Kenmare Resources (KMR LN) 311p, Mkt Cap £278m – Quarterly shipments hit by weather disruptions, discussions with Government ongoing
- Mineral sands producer Kenmare provides a trading update for 1H25.
- Ore excavated fell 12%yoy to 9.1mt over Q2, whilst grade increased 16% to 4.45%.
- Ilmenite production up 3% to 245kt yoy and 20%qoq.
- Zircon production over the quarter up 1% to 13.1kt, whilst rutile production fell 8% to 2.3kt.
- Company shipped 182kt, down 23%yoy and 41%qoq but steady over the half year at 489kt.
- Lower shipments over the period reflect poor weather and transshipment maintenance.
- Net debt reported at $83m, up from $25m at year end, expected to fall in 2H26 on free cash flow increase.
- Cash position at 30th June of $46.5m.
- Kenmare expects an impairment charge over 1H25 of no less than $125m on ‘lower projected future revenue assumptions associated with an uncertain pricing outlook,’ although strong order book noted for 2H25.
- WCP A upgrade project CAPEX estimated retained at $341m, with 75% of the spend expected to be deployed by year end.
- 2025 production and cost guidance retained.
- MD Tom hickey met with the President to discuss conclusion of the Implementation Agreement, and Kenmare reserves ‘the right to safeguard its contractual entitlements, if an agreement cannot be reached.’
- 1H25 dividend guided at $0.08-12/share.
Conclusion: Although both sides have confirmed the termination of the Consortium’s aspirations to acquire Kenmare Resources it remains to be seen whether the discontinued offer has increased Kenmare’s profile sufficiently to attract interest from others.
Mkango Resources* (MKA LN) 29p, Mkt Cap £98m – Exercise of warrants
BUY
- The Company reports of an exercise of existing warrants.
- 0.6m were exercised at 5p and 5.09m were exercised at 7p.
- Exercise of warrants brings in ~£0.36m in the Company.
*SP Angel acts as nomad and broker to Mkango Resources
MP Materials (MP US) US$58, Mkt Cap $9.5bn – Apple agrees a $500m deal with MP for a supply of recycled RE magnets
- The Company and Apple agreed a $500m commitment to establish a rare earth recycling facility in Mountain Pass, California.
- Additionally, Apple agreed an offtake of rare earth magnets produced at the Independence facility in Fort Worth, Texas, using recycled rare earth feedstock.
- The feedstock will be sourced from end of life magnets from electronics and post industrial scrap.
- The Company has been working with Apple for nearly five years to develop advanced recycling technology.
- Piloting results will be used for development of a commercial scale, dedicated recycling line at Mountain Pass.
- First magnet shipments to Apple are expected to start 2027
- The commitment is part of Apple’s more than $500bn pledge to be spent in the US over the next four years.
- Apple reports that nearly all its magnets used in its devised are produced with 100% recycled REEs.
- The Company closed 20% up on the day.
Conclusion: The Company announced another major deal now with Apple to to expand its magnet manufacturing facilities at Independence further accommodating a production line using recycled REE recovered from scrap.
A positive readthrough for Mkango Resources* currently rolling out its short and long loop recycling technologies for recovering of RE materials from end of life equipment.
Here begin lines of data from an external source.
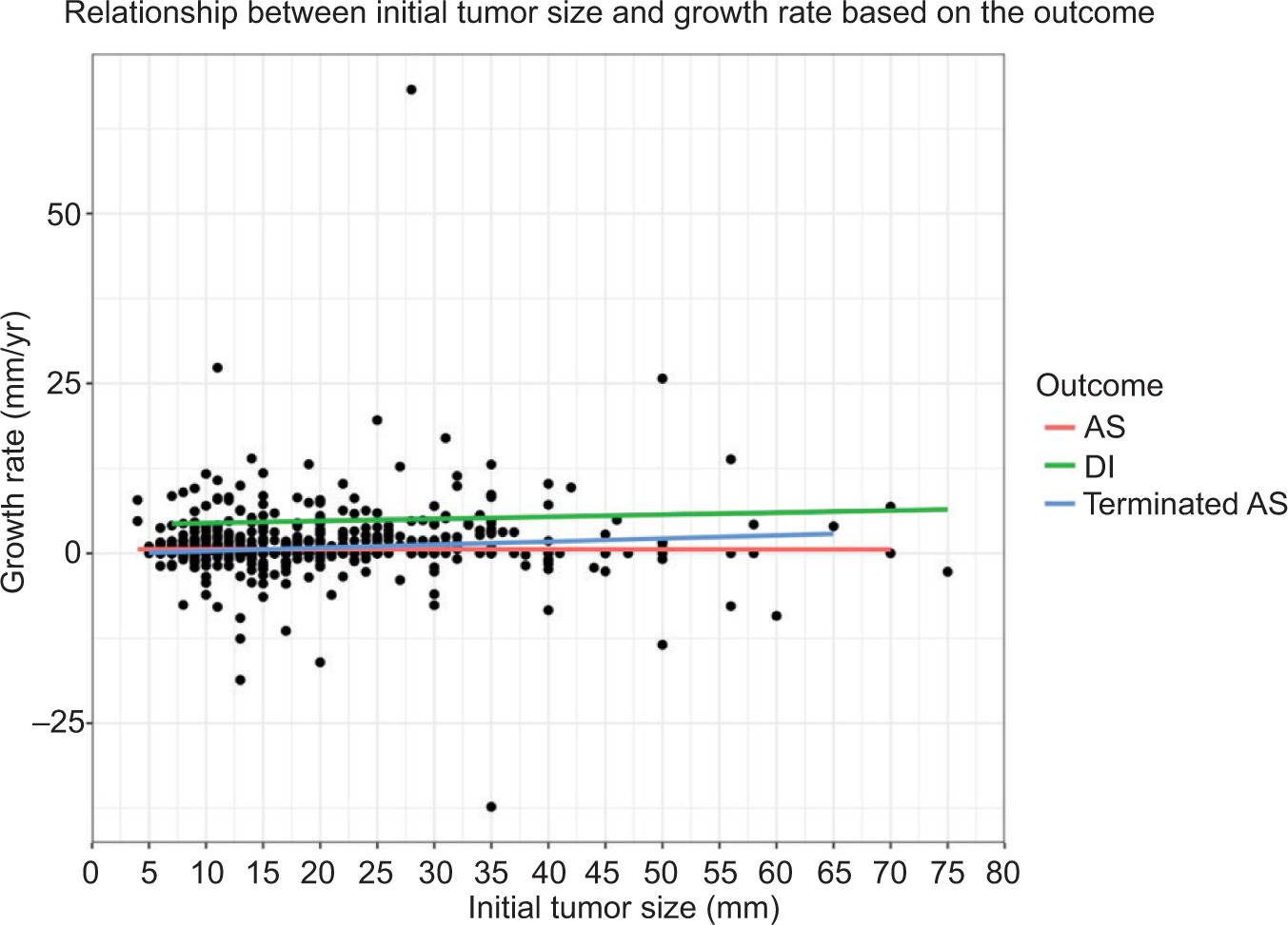 Figure 1: Growth rate as a function of initial tumour size stratified on the three groups. AS = active surveillance; DI = delayed intervention, Terminated AS = patients who terminated AS.
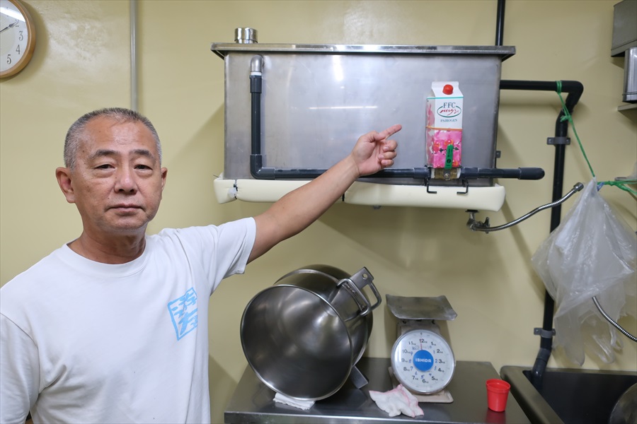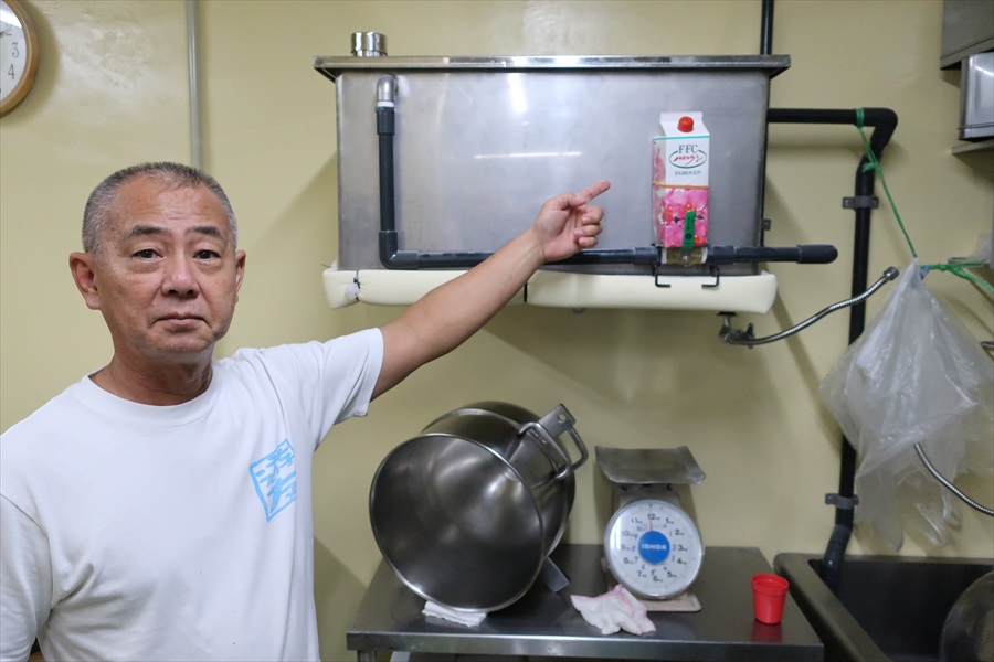 どうしても石灰などが多くなってしまう沖縄の水をそのまま使わず、活水器で浄水、その後特性の浄水装置にてパイロゲンの希釈液を混ぜ、一晩置くところから仕込みがスタートします。しっかり水を作ることで、まろやかにいつまでもフカフカなパンに仕上がります。
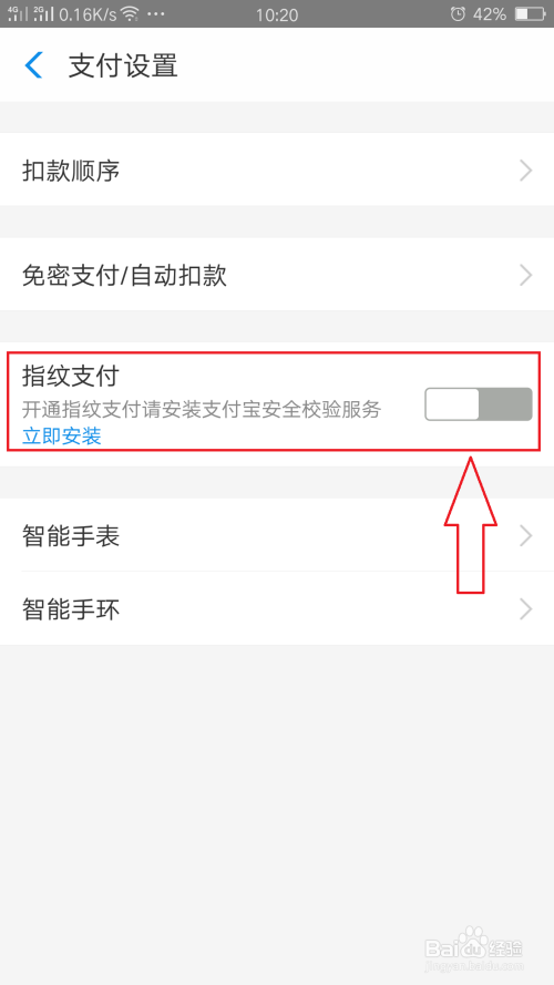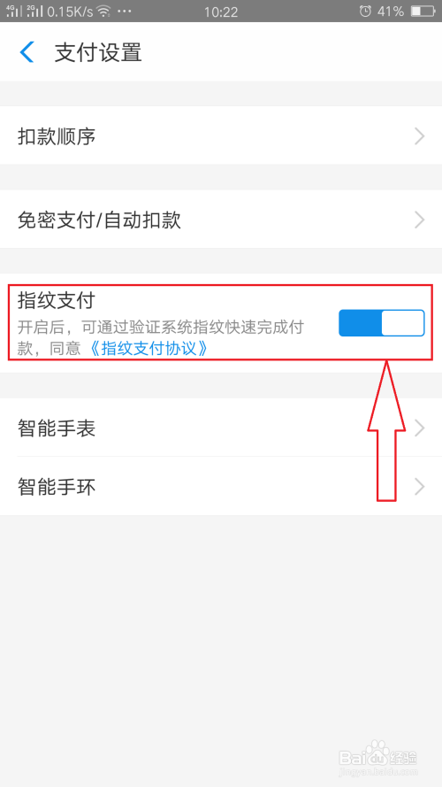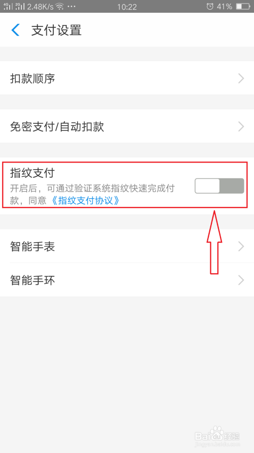 在这里我们便看到指纹付出,将按钮打开
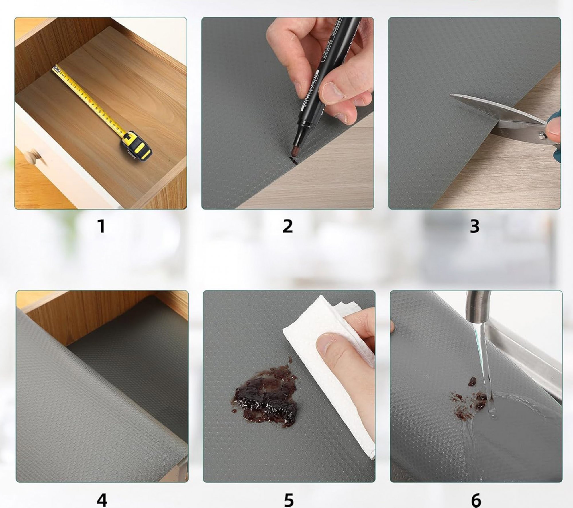 Protiskluzová podložka Bargo 48 x 300 cm je funkční a estetické řešení, které pomáhá udržovat pořádek a chrání povrchy v zásuvkách, na policích a na dalších místech vyžadujících stabilitu. Zabraňuje posouvání předmětů, snižuje hluk při otevírání a zavírání zásuvek a zvyšuje pohodlí každodenního používání nábytku. Hlavní výhodou podložky je, že ji lze zkrátit na míru, takže se snadno přizpůsobí konkrétnímu prostoru. Konec klouzání doplňků a neustálému úklidu – podložka Bargo udrží vše na svém místě a zajistí pohodlí a pořádek každý den.
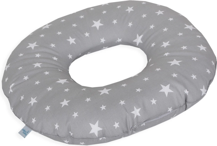 Poporodni obroč CEBA BABY Milky Way je zasnovan tako, da zmanjša pritisk na presredek in šive po naravnem porodu. Zahvaljujoč obročasti obliki z izrezom na sredini omogoča udobno sedenje, podpira pravilno držo telesa in pospešuje hitrejše okrevanje. Nežen bombažen prevlek z vzorcem zvezdic je prijeten na dotik in enostaven za vzdrževanje.
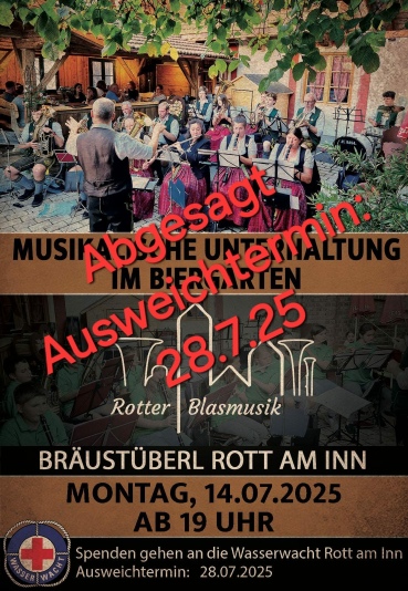 Mit unserem alljährlichen Benefizkonzert im Beirgarten des Bräustüberl hatten wir wetterbedingt zunächst Pech. Letztlich mussten wir auf Ende Juli ausweichen. Dies schmälerte aber den Ertrag für die Ehrenamtlichen der Wasserwacht nicht und es wurde eine bemerkenswerte summe eingespielt
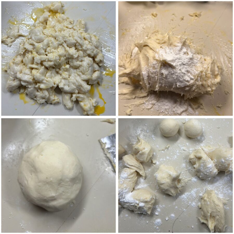 En este punto se forman pequeñas bolitas, que se colocan en la bandeja y se hornean. Durante la cocción los panecillos se hinchan y forman una corteza dorada mientras que el interior se mantiene esponjoso, ligeramente elástico y lleno de sabor gracias al queso. Si te gustan las preparaciones saladas con queso, en mi blog también encontrarás la tradicional pizza de Pascua de queso, una receta muy apreciada durante las festividades pascuales.
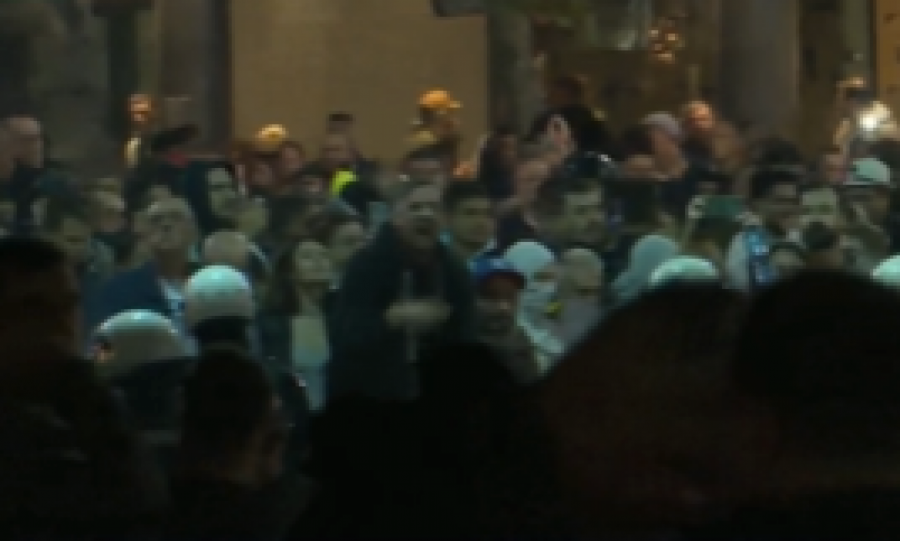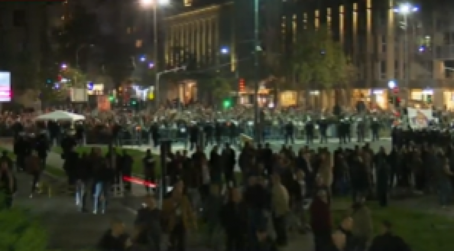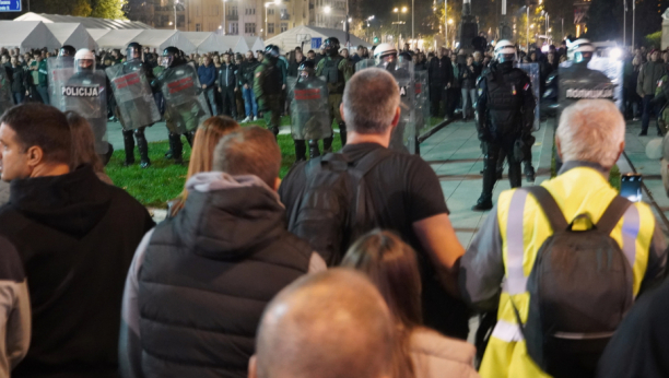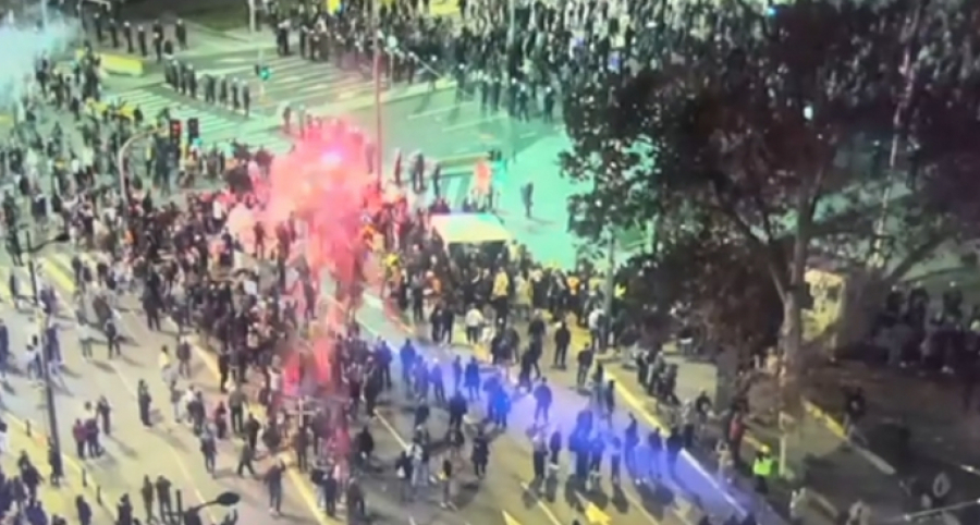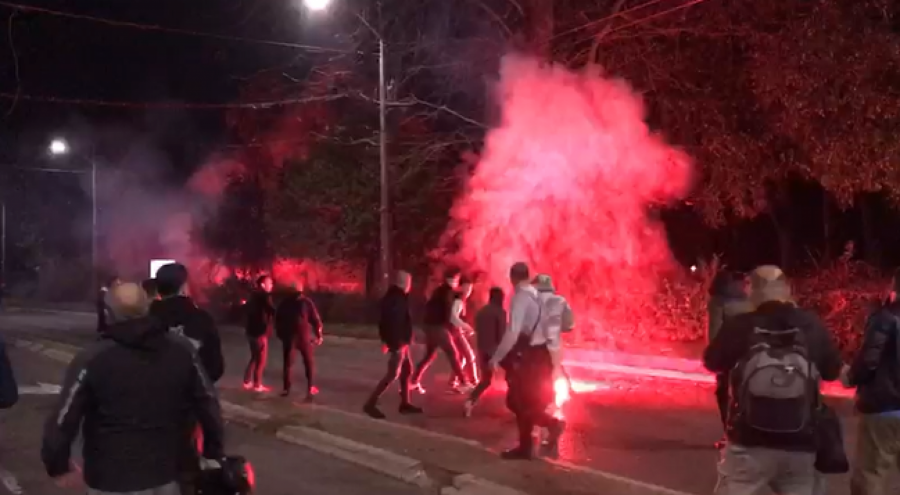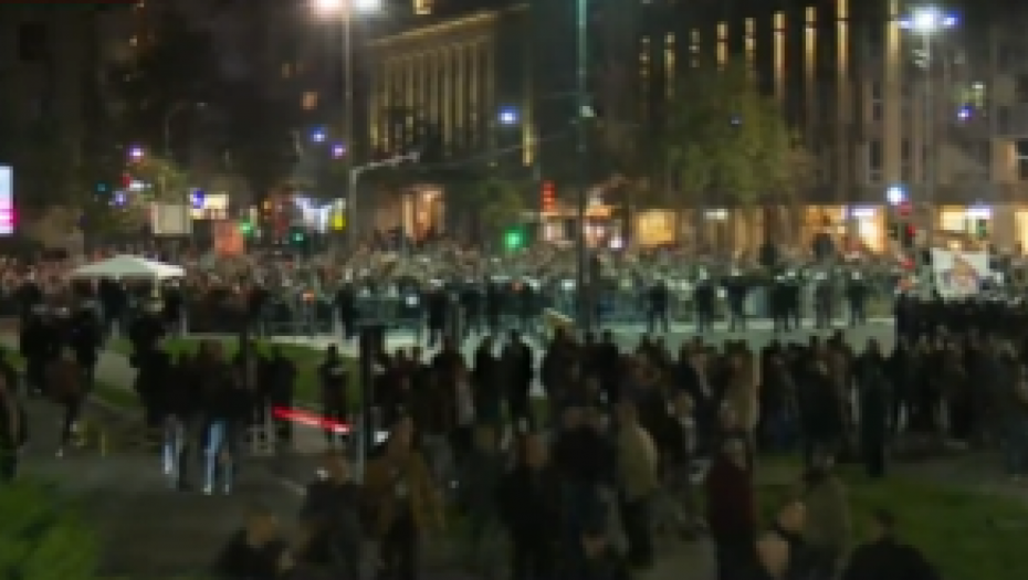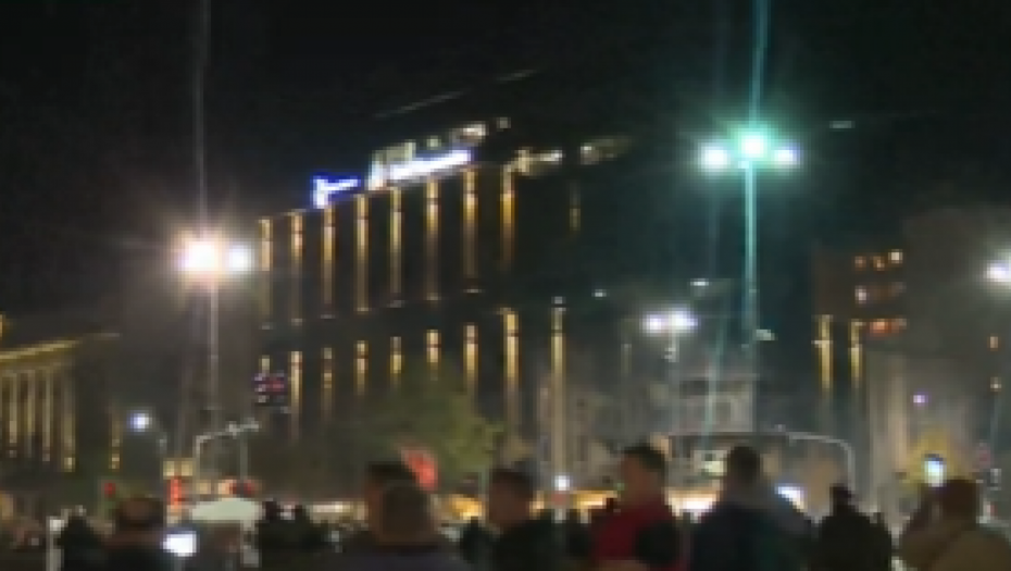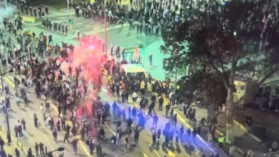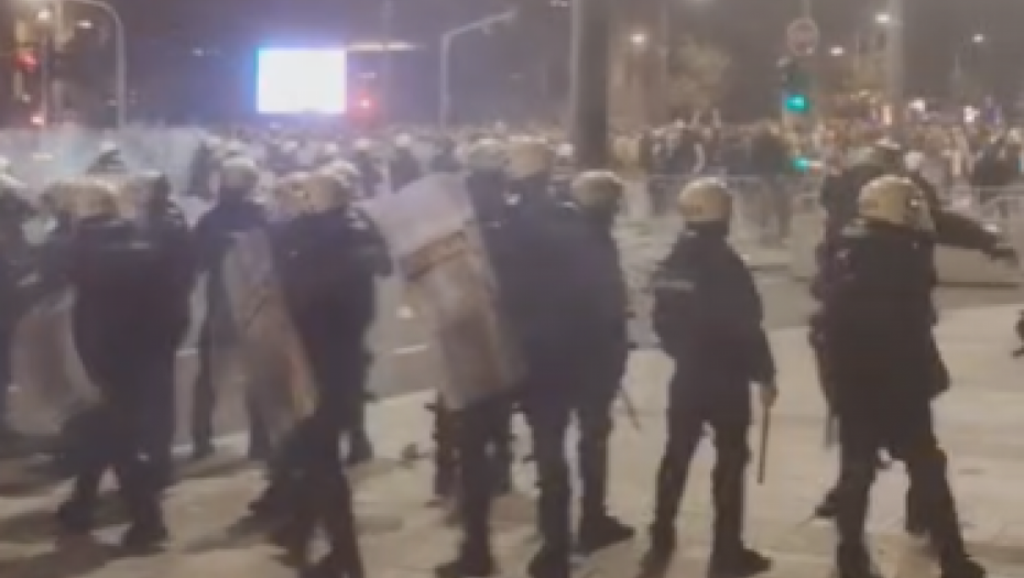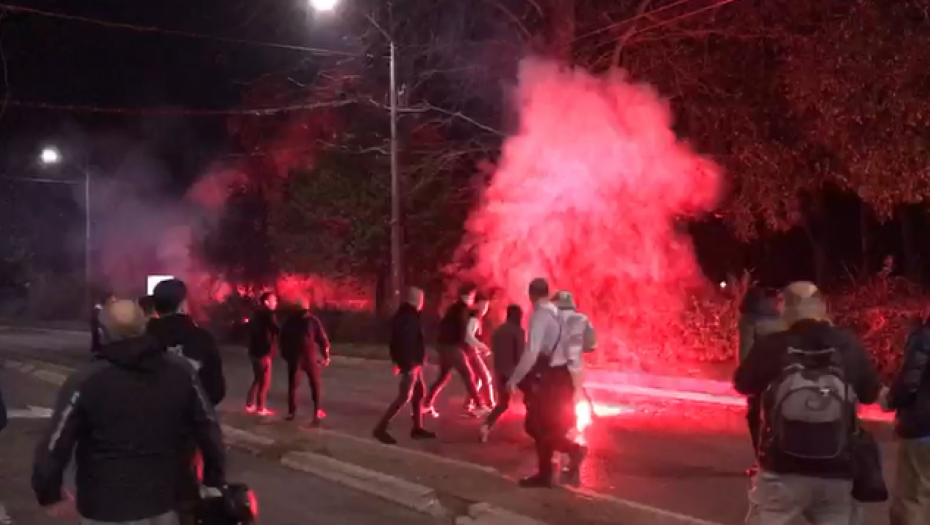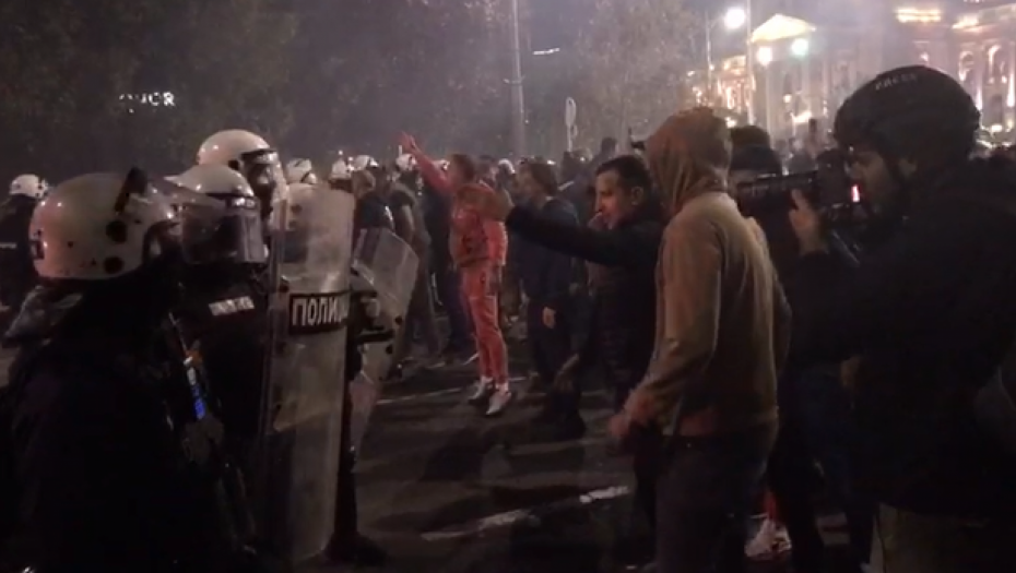 Letele su flaše, baklje, topovski udari. Povređen je i jedan policajac usled dejstva "topovskog udara", prema policijskom saopštenju.

Commercial scale HPMS facility is being currently ramped up in the UK while first RE products are targeted for production at the US facility in 2027.
The news follows the MP/DoD private/partnership announcement reported last week including NdPr and permanent magnets floor prices, offtakes and major equity investment.
Rio Tinto (RIO LN) – 4,397p, Mkt cap £55bn – 2025 production guidance intact as ramp up at Oyu Tolgoi and record bauxite production highlighted
- In its Q2 production report, Rio Tinto highlights record production at its Oyu Tolgoi copper mine in Mongolia “as it ramps up to become the world’s fourth largest copper mine before the end of the decade” and record bauxite production.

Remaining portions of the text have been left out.